La Ue soffre anche di un serio svantaggio competitivo nel prezzo dell'energia, che viene ancora fissato in maniera preponderante dal prezzo del gas. Draghi propone di aumentare la produzione di energia da fonti rinnovabili e, soprattutto, sganciare la formazione del prezzo dell’elettricità da quello del gas, in modo che gli utenti finali percepiscano i benefici della decarbonizzazione. Il mercato Ue dell’ energia è gravato da rendite finanziarie, ha sottolineato, ed è stato disegnato in un’epoca in cui i combustibili fossili erano assolutamente predominanti. Ha anche ricordato che, per la prima volta dalla fine della Guerra Fredda, la sicurezza dell'Europa non è più scontata. Pertanto, ha rimarcato, è ora di aumentare gli investimenti nella difesa, senza dipendere da altri. Sono tutti obiettivi “non nuovi” che gli Stati membri stanno già perseguendo, ma ciascuno per conto suo, col risultato di ottenere risultati modesti, sul piano collettivo. “Potremmo ottenere molto di più, se procedessimo insieme” nota Draghi.
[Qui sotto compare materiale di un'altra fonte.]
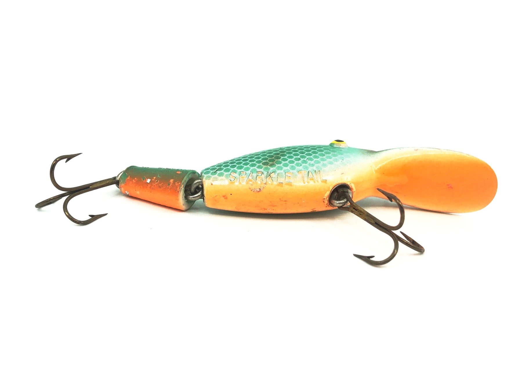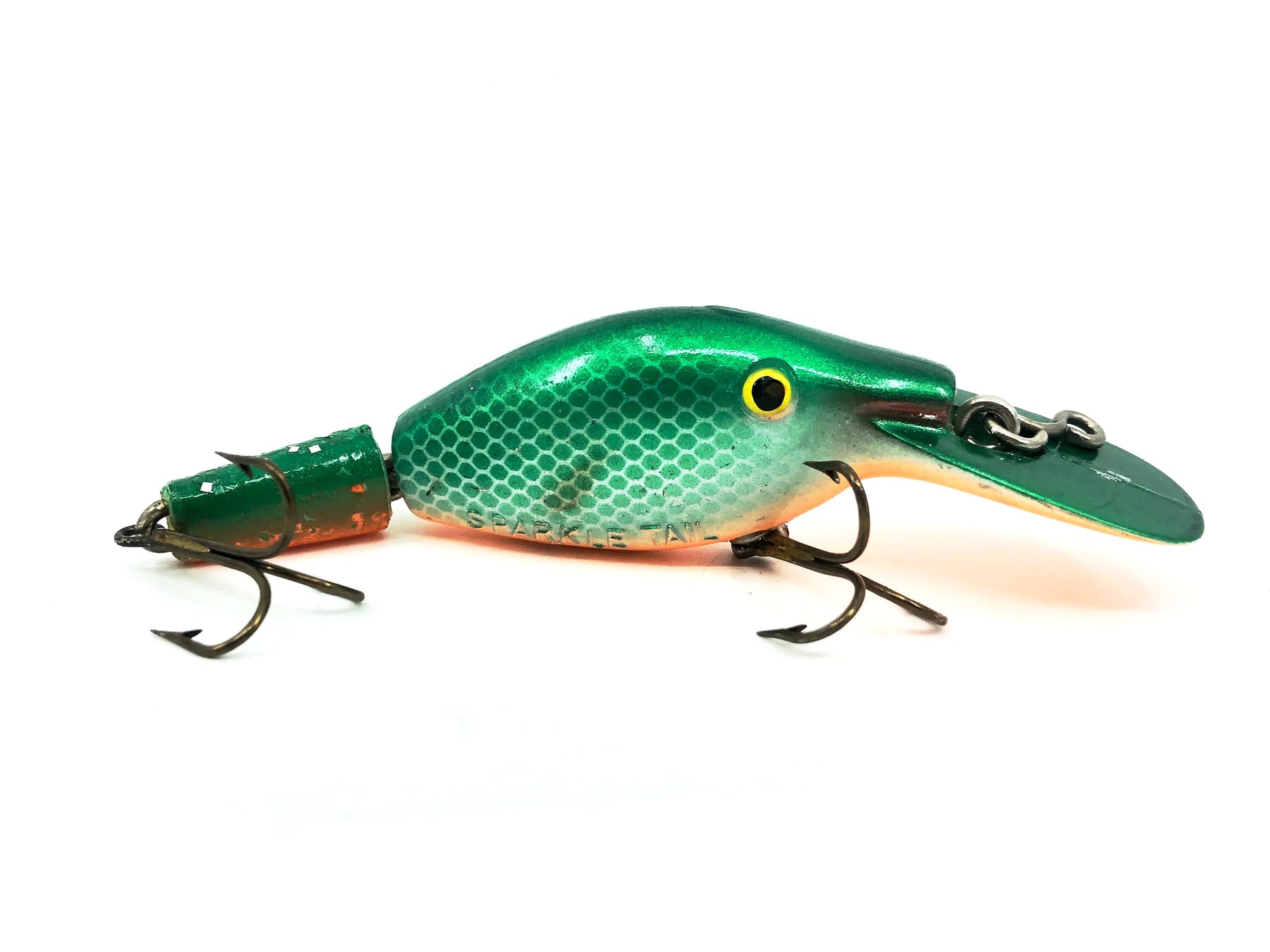 Vintage Sparkle Tail, Green Scale Color. Great lure here. Awesome for walleye and bass. Great to collect. About 3 3/4" long. Vintage used lure with some minor wear but in good overall shape, see photos. Made by Hubbards Lures.

Un costo di 700-800 miliardi

Fedele al suo famoso pragmatismo, Draghi accompagna la diagnosi alla cura. Sono 170 le proposte di cose da fare subito. Con quali soldi? Alla Ue occorrono investimenti “massicci”. La quota di investimenti “dovrà aumentare di cinque punti di Pil” tornando ai livelli che non si vedevano dagli anni Sessanta. E il Piano Marshall, che risollevò l'Europa Occidentale dalla miseria in cui era precipitata con la Seconda Guerra Mondiale, aumentò la quota degli investimenti di “1-2”punti di Pil. Il rapporto quantifica la somma necessaria in “750-800 mld di euro”annui aggiuntivi: vale a dire, un Next Generation Eu in più ogni anno. Per reperire queste risorse, sottolinea Draghi, serve un “safe asset” comune, cioè titoli obbligazionari europei. Oltre agli investimenti di privati. Da soli, nè il pubblico nè il privato, ce la possono fare. Occorrono quelli pubblici, per finanziare “beni collettivi europei”.

“Sempre più piccoli”

''Il punto - ha chiosato Draghi - è che dobbiamo capire che stiamo diventando sempre più piccoli di fronte alle sfide che affrontiamo. Per la prima volta dalla Guerra Fredda dobbiamo davvero temere per la nostra autopreservazione. Le ragioni per una risposta unita non sono mai state così urgenti”. La regola aurea è che bisogna sempre guardare alla situazione “com’è senza mentire a se stessi”. In Europa “siamo già in modalità crisi. Non ammetterlo significa non riconoscere la realtà”. Un’altra soluzione potrebbe essere procedere per cooperazioni rafforzate su alcune materie, con “coalizioni di volonterosi”. La presidente Ursula von der Leyen, che ha commissionato il rapporto, ha detto che il lavoro di Draghi ha ispirato e continuerà ad ispirare la sua agenda politica. Bisognerà vedere cosa ne pensano i singoli governi. Che se avessero voluto la rivoluzione invocata da Draghi, gli avrebbero chiesto di guidare la Commissione. O il Consiglio.